Are Digital Pictures Messing With Our Memories? A Ph.D. Explains

Why the digital photo revolution may be messing with our memories

Our phones are filled with photos. A lot of photos. Most of us have thousands or tens of thousands of them stored on our devices and in the cloud. By the time we retire, we may have millions.

It wasn’t always this way. There was a time when you had to print your pictures and put them in photo albums or hang them on the wall. Editing them was difficult if not impossible. You certainly couldn’t just click a button.

But this isn’t just a case of new technology making things more convenient or more fun. It is. But the digital photo revolution is also changing how people look back on their memories and what they can and cannot remember.

LX News Producer and Editor Mackenzie Behm sat down with memory researcher Linda Henkel, Ph.D., a professor in the department of psychology at Fairfield University, to talk about how digital photos impact how we will remember our lives.

This interview has been edited for clarity and brevity.

MACKENZIE BEHM: How did you get started in your research on photos?

Linda Henkel, Ph.D.: I've always been interested in photography. My father was a photographer, so I grew up with photo albums, pictures all over the place. I specialize in research on false memories, and I got very interested in the idea. I know from other research when people do doctored photos that it can lead them to develop false beliefs and false memories. But I got curious what happens with our own photos, like the pictures that we take.

MACKENZIE BEHM: How does taking photos affect our memory?

Linda Henkel, Ph.D.: I had students from the university go to our lovely Bellarmine Museum to come on a guided tour.

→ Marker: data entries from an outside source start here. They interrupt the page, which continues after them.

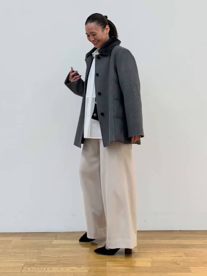 身頃のサイドはタフタの切替で軽さと動きやすさを両立。グレーの落ち着いた色味なので、どんなインナーやボトムにも合わせやすく、ワードローブの主役になる一枚です。
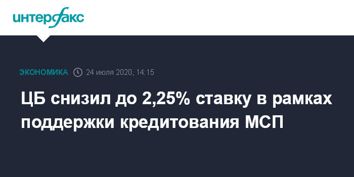 Москва. 24 июля. INTERFAX.RU - Банк России принял решение о снижении с 27 июля 2020 года процентной ставки по кредитам, направленным на поддержку кредитования субъектов малого и среднего предпринимательства (МСП), а также кредитования на неотложные нужды для поддержки и сохранения занятости – с 2,50% до 2,25% годовых, говорится в сообщении регулятора.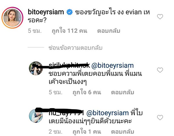 อย่างไรก็ตาม “ใบเตย” ได้เข้าไปเมนต์ถามทำนองว่า “ของขวัญอะไร งง evian เหรอคะ?” แต่หลายคนก็คาดว่าสาวใบเตยน่าจะท้องแล้ว แต่ไม่หลุดจากปากเพราะอยากถือเคล็ด 3 เดือนนั่นเอง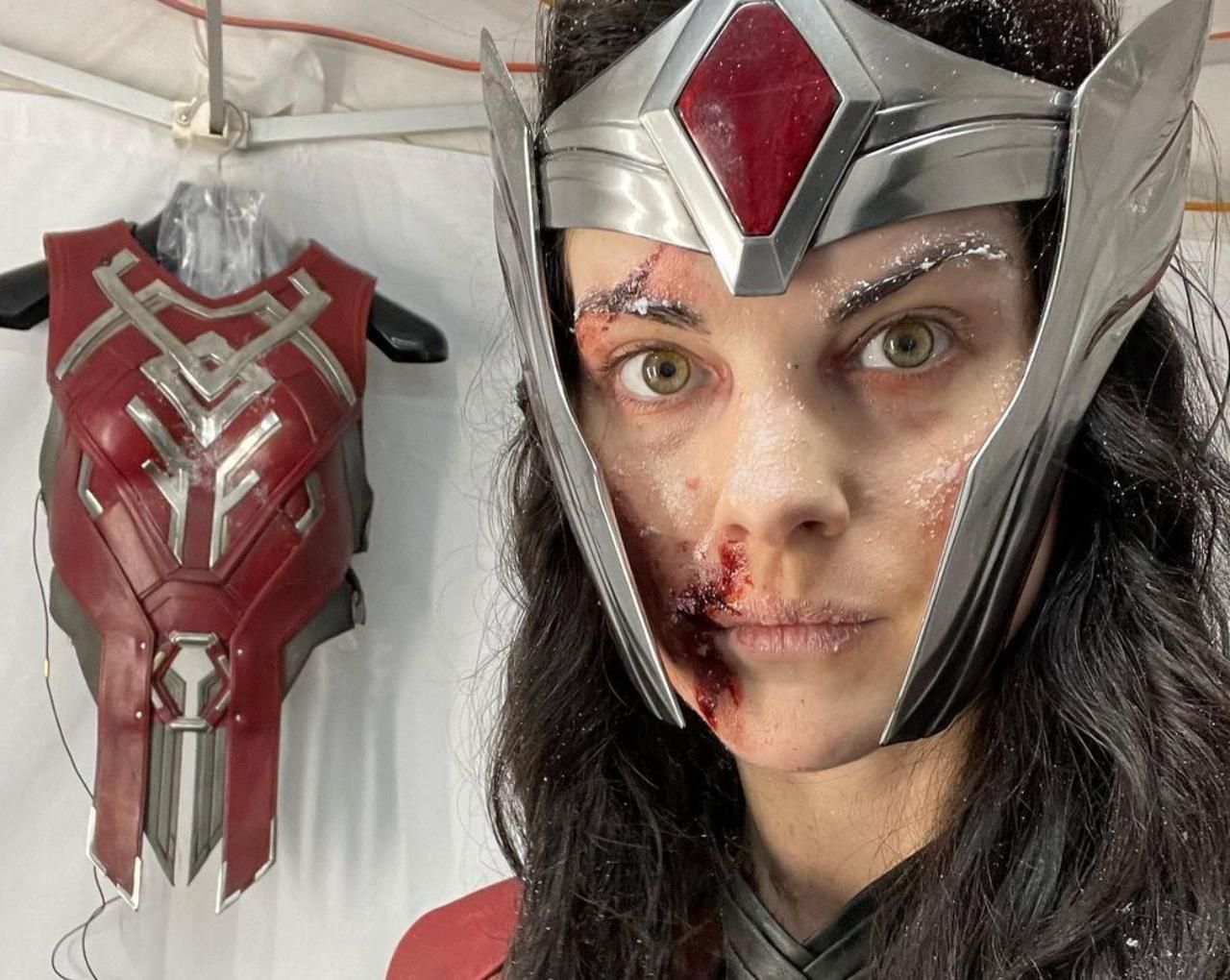 Jaimie Alexander compartió esta imagen de su regreso como Lady Sif, con el cuerpo lleno de nieve a punto de la congelación.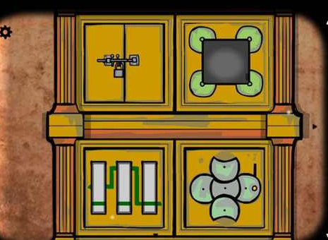 2、上了岛迅速拿到藏在房间各处的齿轮,在柜子里有撬棍,哈维的盒子里有火柴,然后完成柜子上的齿轮拼图。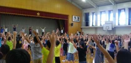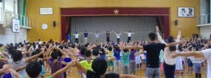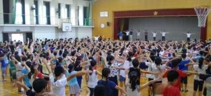 朝会の後,体育館で全員でラジオ体操をしました。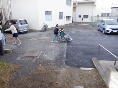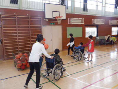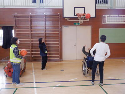 車椅子に乗り、狭いところを通ったり、段差のあることろを通ったり、ボールをバスケットゴールに入れたりしました。
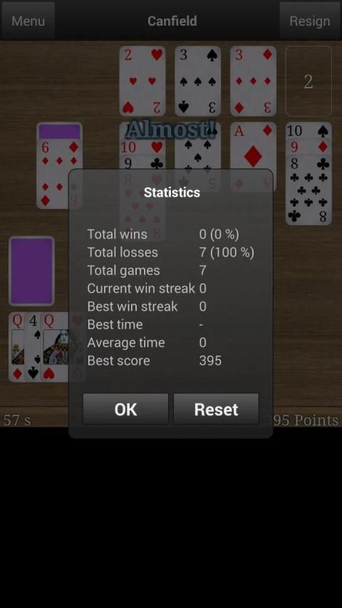 Canfield (also known as Canfields saloon) is a card solitaire where your challenge is to build a foundation that contains all 52 cards ordered in increasing order for each suit. It is fun and it may sound simple, but finishing this solitaire is more difficult than you might think. In the game you can choose from multiple card tables and card backsides so you can get a personal experience. You also have access to highscore and game statistics which you may use to improve your results. This is one of our favorite card solitaires, and we are convinced you will enjoy it too! Try it out now.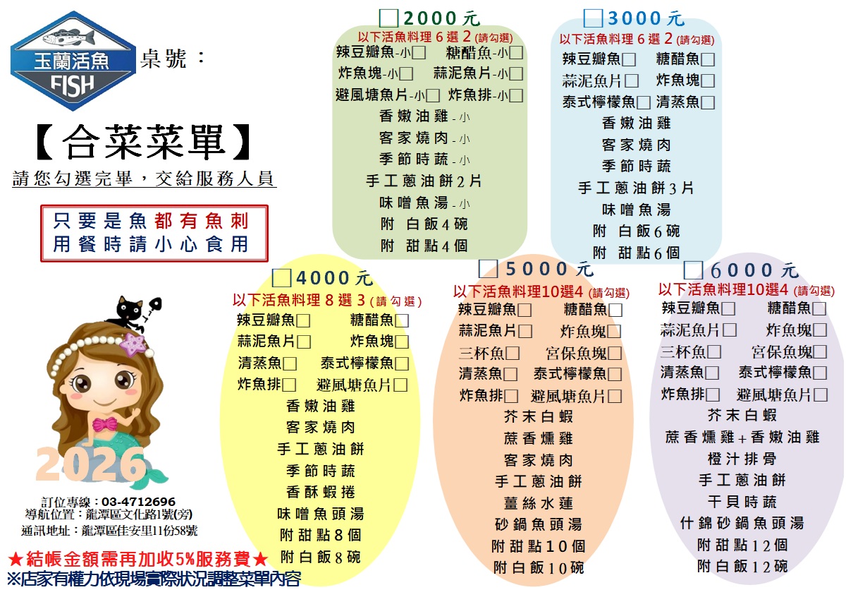 合菜菜單除提供選擇之菜色外,無法改菜,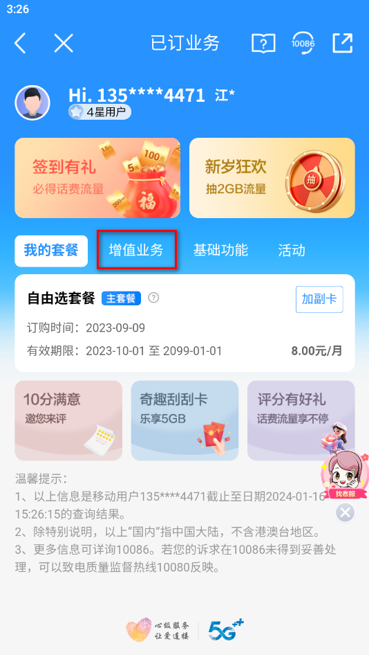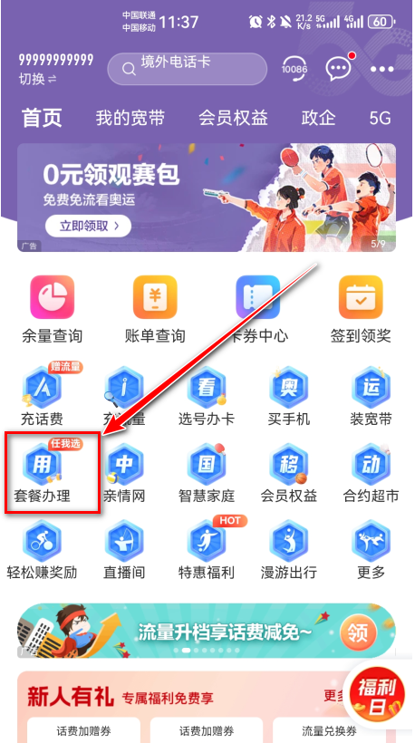 1.打开中国移动,首页就可以看到我们的流量剩余情况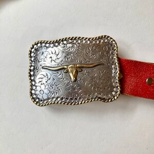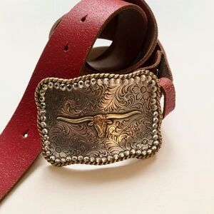 Longhorn Belt Buckle with Removable Red Distressed Leather Belt
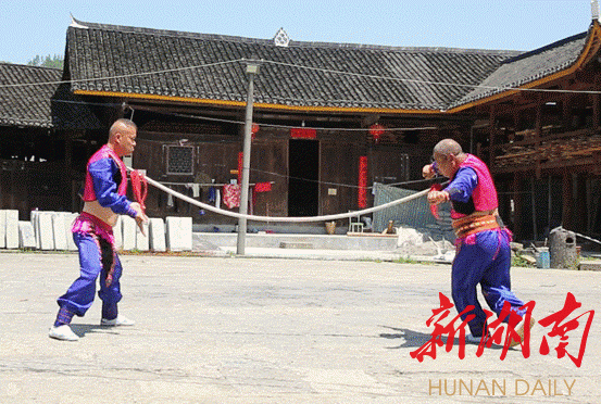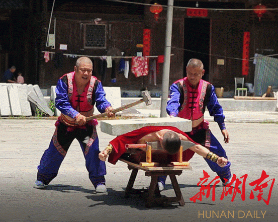 在惹巴拉影视城、摆手堂和冲天楼,景区为游客们精心准备了土家非遗民俗表演,《咚咚喹》《摆手锣鼓》《土家娶亲》《哭嫁表演》及首届“山寨牛人”湘西民间绝技展演。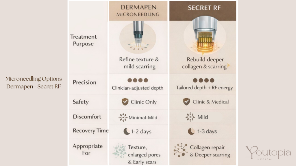 At Youtopia Medical, we offer both traditional microneedling (Dermapen) and Secret RF because they work through complementary mechanisms and can be used strategically at different stages of a skin or scarring journey.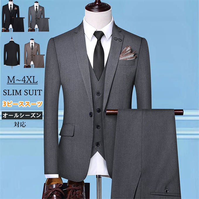メンズスーツ 3ピース スリーピースス メンズファッション 通販 ブラック グレー モカ 165/M 170/L 175/XL 180/2XL 185/3XL 190/4XL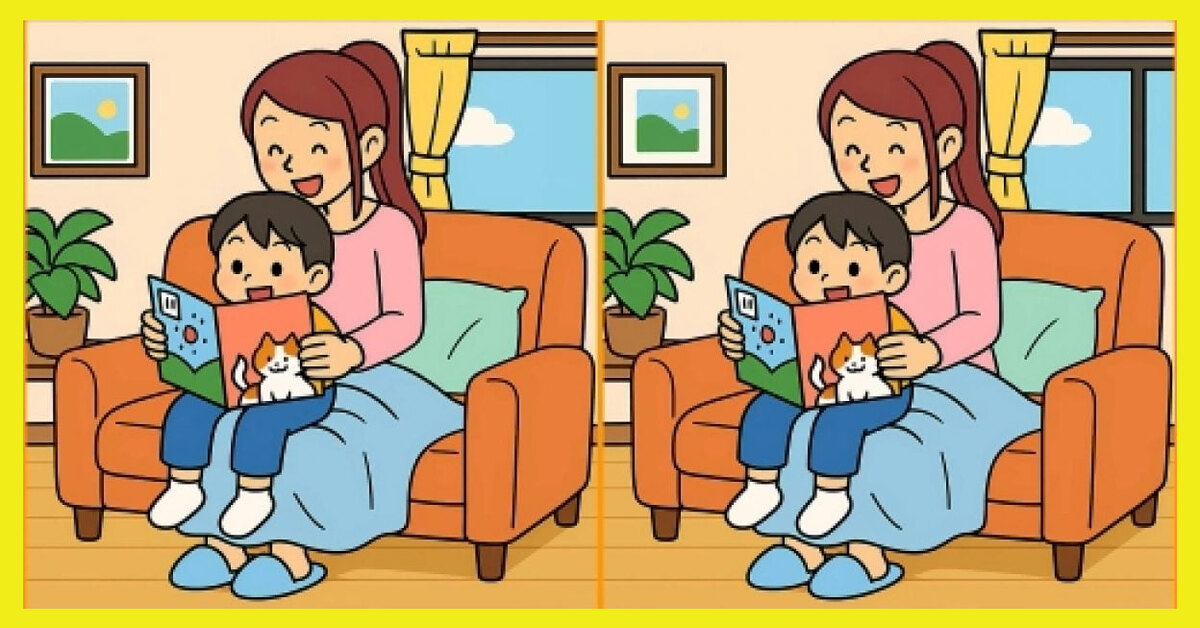 Посмотрите на картинки: мама сидит на диване, сын на ее коленях с книжкой, вокруг – атмосфера уюта и тепла. Но между этими двумя изображениями есть три крошечных несоответствия. Поставьте таймер на 19 секунд и попробуйте найти их все.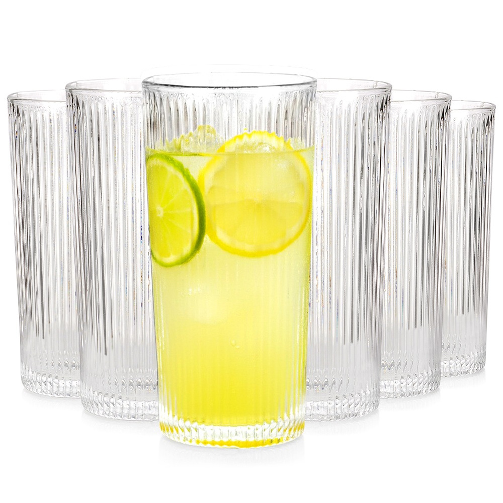 ✅ Zestaw 6 szt. szklanek o pojemności 320 ml - Komplet sześciu wysokich szklanek do napojów o pojemności całkowitej 320 ml. Wysokość każdej szklanki wynosi 15 cm, a średnica 7,3 cm. ✅ Wykonane z ryflowanego szkła - Szklanki wykonane są z…

We told them specifically, “OK, now I want you to look at this.” And at the end, after the 20, 30 seconds, sometimes I would say, “Take a picture of it.” And other times I would say, “No, just keep looking for a few more seconds, and let's move on.” So, once they took that photo, it's as if, “OK got it. Let's move on.” And in that case, if they took photos, the ones that they took photos of the objects of art, they didn't remember as many visual details several days later. What was on the statue's head? What was in the sky in the painting over there? And so it impaired their memory, the act of taking photos of their memory, in part because they're expecting the camera to remember for them.

The idea with the photo taking impairment effect, it's the idea that if you take a photo of something rather than just look at it, if you are expecting the camera to remember for you, you're going to cognitively offload that.

And from a cognitive perspective, this actually isn't a terrible idea. If I know that the camera has it, I'm now ready for something else. I freed up my cognitive resources to pay attention to the next thing.

MACKENZIE BEHM: What does the amount of photos we take now mean for us when we are older?

Linda Henkel, Ph.D.: We're 80 years old now. And what are we going to do? Spend 10 years re-watching the first 10 years of our lives and now we're 90? I experienced nothing other than reliving those experiences. It's too much because you just don't have the time for it. That said, it's useful. What I would give to have some video of my parents when I was a baby. Do I need to re-watch every minute I ever lived through? Probably not.

MACKENZIE BEHM: How does editing our photos affect our memory?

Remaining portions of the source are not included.